Thursday, January 13, 2011

Golden Rules for Scam Prevention

You can fool some of the people all of the time, and all of the people some of the time, but you can not fool all of the people all of the time.
- Abraham Lincoln (attributed)
Most of us want to trust people so it's not so hard to be fooled by a scammer. Here are The 10 Golden Rules of Scam Prevention from

Rule Number 1: Don't Trust the Testimonials of Stranger
The only testimonial worth believing comes from people you both personally know and totally trust. The testimonials you see from strangers on TV or in online reviews may be lies or paid for. Ignore all testimonials in ads, websites, and infomercials.

Rule Number 2: “Documented proof” is not proof
Anyone willing to rip you off can create fake checks, letters, or anything else to back up their claim. And even if they have valid proof of past success, that is no promise of future success.
- Markets are cyclical so last year's top performing stock may be this year's biggest loser.
- Don't forget that Ponzi schemes and Pyramid Marketing pay off the early contributors to lure in a larger number of fish. 
- Ads often cite the most extreme success stories - not everyone will lose 100 pounds on this diet.

Rule Number 3: Guarantees are only as good as the company behind them
A common scam is that the results are “guaranteed, or your money back!!!” But what if the company refuses to honor the guarantee? Are you prepared to take them to court? Many fraudulent companies use post office boxes so they cannot be located by courts of law. Or they may flee the country or change the company name to hide from lawsuits.

Rule Number 4: It’s not fine to ignore the fine print
Virtually every deal that goes bad is the result of people listening to the sales pitch without reading the fine print in the contract. It is your responsibility to know that your mortgage payment will go up after three years, or that your credit card interest will jump from 9 percent to 29 percent if you miss a payment or that mutual funds are risky. If you don’t understand the fine print, ask a friend to explain it to you.

Rule Number 5: Haste makes waste
The only people who can wisely make snap decisions regarding a purchase are those who are experts at what they’re buying and make such decisions frequently. For everyone else, take your time when buying a house, a car, stocks, getting married, etc. The bigger the cost, the more time you need to examine it. An offer that is "too good" to wait for will usually leave you burned.

Rule Number 6: Use the Internet to Verify Claims
Consider this scam, an ad asks for $400 to help you get a government grant for your small business. If you go to the Internet and type “government grants for small business” into Google or other search engine, you'll quickly find a government website which says that the federal government does not provide grants for starting and expanding a business. So the ad was a rip-off. The Internet can also expose frauds where the information is free online that someone is offering to sell to you.

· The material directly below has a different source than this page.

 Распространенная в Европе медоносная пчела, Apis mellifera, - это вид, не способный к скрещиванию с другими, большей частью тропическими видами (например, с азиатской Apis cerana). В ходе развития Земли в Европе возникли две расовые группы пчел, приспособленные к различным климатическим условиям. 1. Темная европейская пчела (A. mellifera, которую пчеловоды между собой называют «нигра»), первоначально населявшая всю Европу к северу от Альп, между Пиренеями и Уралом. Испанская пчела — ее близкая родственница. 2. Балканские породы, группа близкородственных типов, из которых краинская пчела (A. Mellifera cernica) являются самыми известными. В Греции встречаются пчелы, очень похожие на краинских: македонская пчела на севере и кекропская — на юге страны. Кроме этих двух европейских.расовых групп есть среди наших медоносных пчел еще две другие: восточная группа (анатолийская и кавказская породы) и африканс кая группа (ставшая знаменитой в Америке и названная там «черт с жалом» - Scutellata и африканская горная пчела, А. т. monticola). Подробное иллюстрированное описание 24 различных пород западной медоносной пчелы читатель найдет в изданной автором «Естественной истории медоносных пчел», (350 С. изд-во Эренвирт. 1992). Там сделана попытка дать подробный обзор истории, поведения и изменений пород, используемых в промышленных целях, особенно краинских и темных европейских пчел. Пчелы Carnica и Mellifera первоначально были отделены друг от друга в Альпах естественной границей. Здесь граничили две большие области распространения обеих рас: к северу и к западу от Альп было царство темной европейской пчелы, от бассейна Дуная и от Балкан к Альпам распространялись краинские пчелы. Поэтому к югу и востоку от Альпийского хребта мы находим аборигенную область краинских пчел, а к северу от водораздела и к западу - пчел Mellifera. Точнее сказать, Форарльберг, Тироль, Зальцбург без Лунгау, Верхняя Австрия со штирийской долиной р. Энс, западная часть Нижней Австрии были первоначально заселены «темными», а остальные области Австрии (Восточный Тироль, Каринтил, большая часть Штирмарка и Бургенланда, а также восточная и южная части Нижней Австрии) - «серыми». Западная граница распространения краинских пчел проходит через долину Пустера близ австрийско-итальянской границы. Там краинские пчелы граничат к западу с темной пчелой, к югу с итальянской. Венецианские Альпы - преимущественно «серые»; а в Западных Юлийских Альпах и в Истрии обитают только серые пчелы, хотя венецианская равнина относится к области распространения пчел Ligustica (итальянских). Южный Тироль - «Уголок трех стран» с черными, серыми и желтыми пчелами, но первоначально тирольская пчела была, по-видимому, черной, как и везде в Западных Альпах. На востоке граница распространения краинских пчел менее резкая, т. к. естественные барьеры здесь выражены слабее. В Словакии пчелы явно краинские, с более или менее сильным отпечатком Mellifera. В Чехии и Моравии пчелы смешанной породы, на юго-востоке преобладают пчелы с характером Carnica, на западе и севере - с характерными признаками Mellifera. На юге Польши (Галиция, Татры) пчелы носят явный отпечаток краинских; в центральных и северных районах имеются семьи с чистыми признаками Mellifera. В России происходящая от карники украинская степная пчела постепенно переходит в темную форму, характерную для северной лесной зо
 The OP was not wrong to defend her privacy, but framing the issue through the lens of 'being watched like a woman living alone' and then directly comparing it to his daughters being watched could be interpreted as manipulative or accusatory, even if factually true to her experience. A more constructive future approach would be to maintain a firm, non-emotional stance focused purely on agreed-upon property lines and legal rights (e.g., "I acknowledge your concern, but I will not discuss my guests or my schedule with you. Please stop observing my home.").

Rule Number 7: Check Online for Fraud
Use a search engine to search for a company or product and add the words “review” and “ripoff.” You will be directed to sites that specialize in consumer reviews. This is a twist on rule #1 about strangers. Never trust product endorsements from strangers, but if many strangers call a product a fraud you ought to listen carefully. Do they have an axe to grind or is there a real problem?

Rule Number 8: Use the help you’ve already paid for
Your tax dollars fund agencies, like the Federal Trade Commission, that publish advice on how to avoid rip-offs.

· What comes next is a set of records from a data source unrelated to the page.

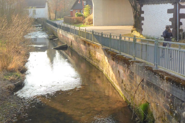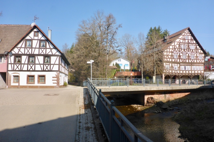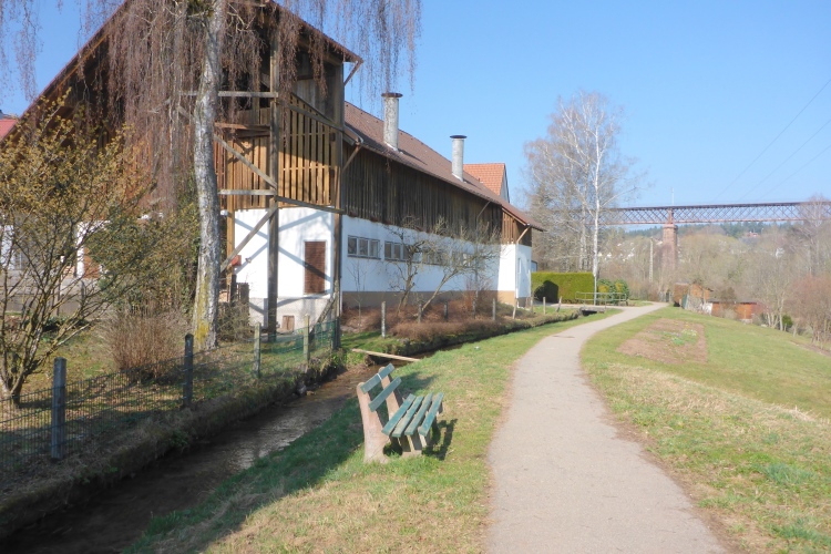 Bald führt uns ein Asphaltweg hinab in den Ortsteil Wittlensweiler. Dort folgen wir unter anderem einem schönen Spazierweg am Ufer des Mühlenbach. Dann laufen wir unter dem Ettenbachviadukt hindurch.
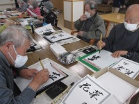 こんにちは、デイサービスです。今日の書道レクは「彼岸」「菜の花」「春光」「土筆」などのお手本を用意して取り組んでいただきました。敷島デイは書道経験者の方も多く、師範の先生もいらっしゃるので、的確なアドバイスをしてくれます。子どもの頃からつい最近まで書道をやっていたと教えてくださいました。皆さん、1時間集中して納得のいく作品が書けるまで頑張ってくださいました。完成作品はデイルームの書道コーナーに貼らせてもらっています(*^-^*)
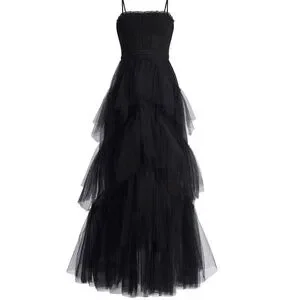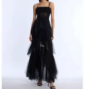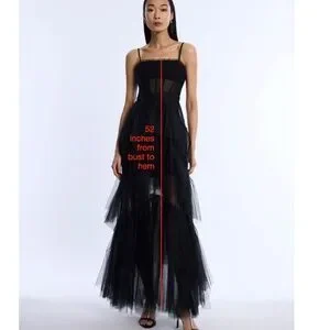 Black Tiered Ruffle Tulle Evening Gown from BCGB MAXAZRIA -- perfect for black tie weddings and formal events. Super trendy, I've seen this on a handful of girls this wedding season. Only worn once and dry cleaned, like new condition. **I had this dress hemmed. It is ~52 inches long from the top of the corset/bust to the bottom of the dress/hem.

Rule Number 9: Getting something free? You might be the product, not the customer.
Most free content is paid for by advertising that is trying to catch your eye or ear. Other sites survive by collecting and selling information about your and your online habits. Consider the motivation of those offering free content and how they are using you.

Rule Number 10: If it sounds too good to be true…
"The best way to avoid getting ripped off is to simply ignore people and companies who promise simple solutions to complex problems. They don’t exist. Nobody is going to show you how to buy a house for $398, nobody is going to provide a consistent 12 percent return without risk, and nobody knows how to make big bucks with little effort at home in their spare time. Think about it: If these claims were true, why would the people making them share that information with you?"

Bottom Line
You don’t have to remember all the above rules to protect yourself from con artists. Just following a few will help. Imagine a product without the money-back guarantee and the testimonials. Would you still buy it?


The Consumerist has this quote by an author on Amazon,
I've purchased my own book, Wealth Hazards, close to 200 times now. I wrote 42 customer reviews and voted on them 108 times. Not once was a review or vote rejected by Amazon. It took about 45 days to move the book up to #1, but after it got there I didn't feel it was appropriate to promote it - so I have not profited from it. I continue to buy 2 or 3 copies a day, write reviews and vote on the reviews and wait for Amazon to notice. They haven't.